After months of watching sovereign-wealth funds from the Middle East and Singapore have all the fun, cutting big deals to help prop up Wall Street’s flimsy balance sheets, China Investment Corp. is back in action.

dragonChina’s sovereign-wealth fund had been sitting on the sidelines since it bought a $3 billion stake in Blackstone Group’s initial public offering in June. And it has been licking its wounds ever since. With the stock hit hard by the credit crunch, CIC has a a paper loss of about 21%, or about $630 million.

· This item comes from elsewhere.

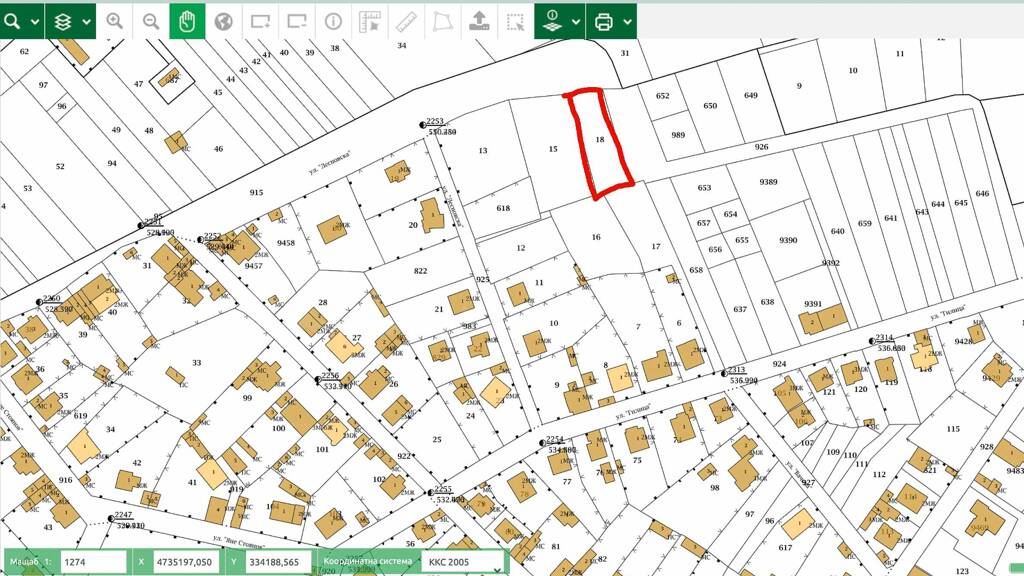 Ein im Katasterplan eingetragenes Grundstück liegt innerhalb der Grenzen des genehmigten Regulierungs- und Entwicklungsplans für den Bezirk Chelopechene, genehmigt durch die Verordnung RD-09-020/07.02.1990. vom Vorsitzenden des Exekutivkomitees des Volksrats von Kremikovtsi.
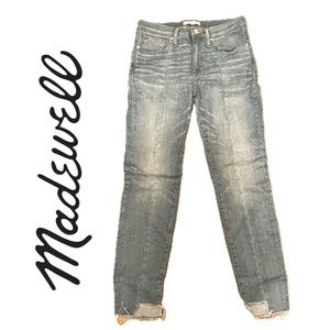 Madewell • 9” high rise skinny denim jeans with frayed hems

As criticism of that deal mounted at home, China deal makers snickered at how CIC paid a high price for its lack of deal savvy. So CIC turned to less-sexy pursuits, like hiring overseas staff and external money managers to farm out the $67 billion set aside for overseas deals.

Now it has splurged in buying as much as a 9.9% stake in Morgan Stanley. The $5 billion investment meets at least one key CIC goal – beating the sovereign-wealth fund’s cost of funding. China’s finance ministry wants the fund to return a minimum of 5% a year to cover the cost of bonds it issued to fund the agency. (CIC has an agreement with the Finance Ministry to protect CIC from foreign-exchange fluctuations.)

Morgan Stanley is guaranteeing a 9% annual rate of return for CIC between now and August 2010, when CIC’s investment converts to shares. That will give CIC a nice 4% premium — and maybe enough to cover the losses on the Blackstone bet.